Les hommes seuls pourront trouver sous une grande halle comprenant 400 places (et 600 places fin 2016) un abri temporaire, pendant 5 à 10 jours, le temps que l'État leur propose une solution adaptée. Les femmes, familles, enfants, mineurs isolés, en un mot les populations vulnérables, seront accueillies dans un second centre de 350 places à Ivry-sur-Seine dans l'ancienne usine des eaux, qui devrait ouvrir « d'ici à la fin de l'année », a dit la maire de Paris, Anne Hidalgo. Un pôle transport assurera les navettes entre les deux sites.

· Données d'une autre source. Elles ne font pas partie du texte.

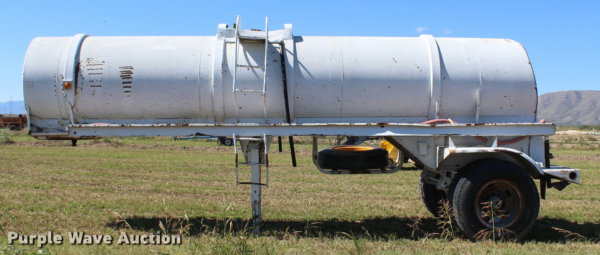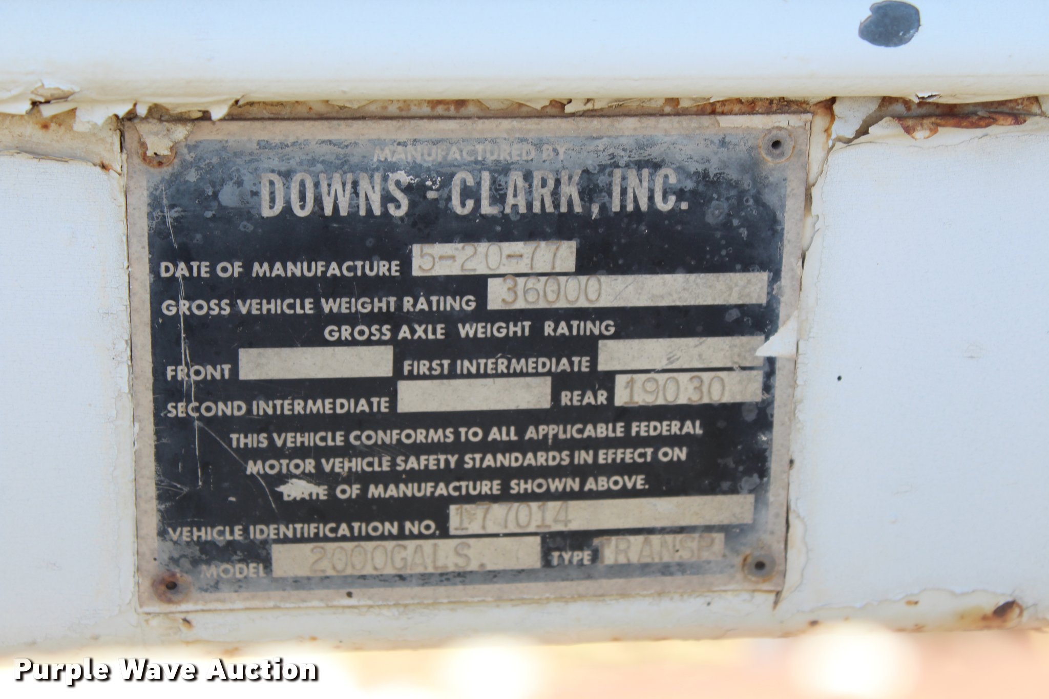 Purple Wave is selling a used Tank Trailer in New Mexico. This item is a 1977 Downs-Clark tank trailer with the following: Steel tank, 2,000 gallon capacity, Single compartment, 18"W manway, Dual leg landing gear, Fifth wheel plate, Single axle, 10-22 tires, Unknown operating condition, Rust

« La vocation de ces centres est la mise à l'abri temporaire des personnes en attendant qu'elles soient orientées », a déclaré Anne Hidalgo. Et d'évoquer un « changement de méthode » par rapport à la situation depuis deux ans : l'installation de campements de fortunes qui deviennent insalubres et indignes, puis sont évacués lorsque la situation devient intenable. « Il est plus simple de prendre en charge au fil de l'eau les réfugiés plutôt que d'attendre que 2 500 personnes s'entassent dans des campements », a-t-elle estimé. L'Ile-de-France compte depuis juin 2015 15 700 personnes mises à l'abri dans le cadre de 27 opérations d'évacuation, dont 11 000 sont prises en charge dans des structures d'hébergement ; la région concentre 40 % des demandes d'asile déposées sur le territoire national.

Les structures mises en place au nord et au sud de Paris, conçues par l'architecte Julien Beller pour être modulables et transportables, ne sont pas destinées à être pérennisés, puisque le 18e arrondissement doit accueillir le futur campus universitaire Condorcet, et les usines des eaux doivent participer au projet « Réinventer la Seine ». Le défi reste l'accueil des réfugiés en aval. La ministre du Logement, Emmanuelle Cosse, a affirmé le principe d'une « politique publique responsable structurée et durable », qui repose sur un réseau de centre d'accueil et d'orientation (CAO) sur le tout le territoire. « Ce dispositif sera complété par une politique nationale de centres d'accueil ; aujourd'hui, il en existe 161 dans toute la France répartis dans 76 départements. Toutes les personnes qui passeront par ce sas seront réparties sur tout le territoire », a promis Emmanuelle Cosse.

Signe du soutien de l'État, le dispositif de Paris fait l'objet d'un protocole d'accord : la ville prend en charge 80 % du budget d'investissement (soit 5,2 millions sur 6,5 millions d'euros) et 50 % du coût de fonctionnement du pôle accueil de jour, soit 1,2 million d'euros par an. L'État investira au moins 15 millions d'euros en année pleine pour l'hébergement et la moitié du centre d'orientation. L'OFII devrait aussi apporter jusqu'à 500 millions d'euros par an, selon son directeur Didier Leschi.

Un dispositif innovant à répliquer sur tout le territoire, selon le Dr Sivignon

« C'est un dispositif innovant qu'il faudrait répéter sur l'ensemble du territoire car les structures d'accueil sont saturées et la gestion des flux des arrivées, une centaine par jour, est un vrai challenge » a réagi auprès du « Quotidien » la présidente de Médecins du Monde, le Dr Françoise Sivignon. « Il faut que l'État s'engage, et que la solidarité soit partagée », poursuit-elle. L'ONG devrait assurer une veille sanitaire dans le cadre d'un premier accueil et un appui psychologique. « Cela va aussi nous servir à enrichir notre plaidoyer sur les questions migratoires », précise le Dr Sivignon. L'articulation de ce sas par rapport à Calais et le devenir des 800 MIE dans le nord fait partie des questions pendantes.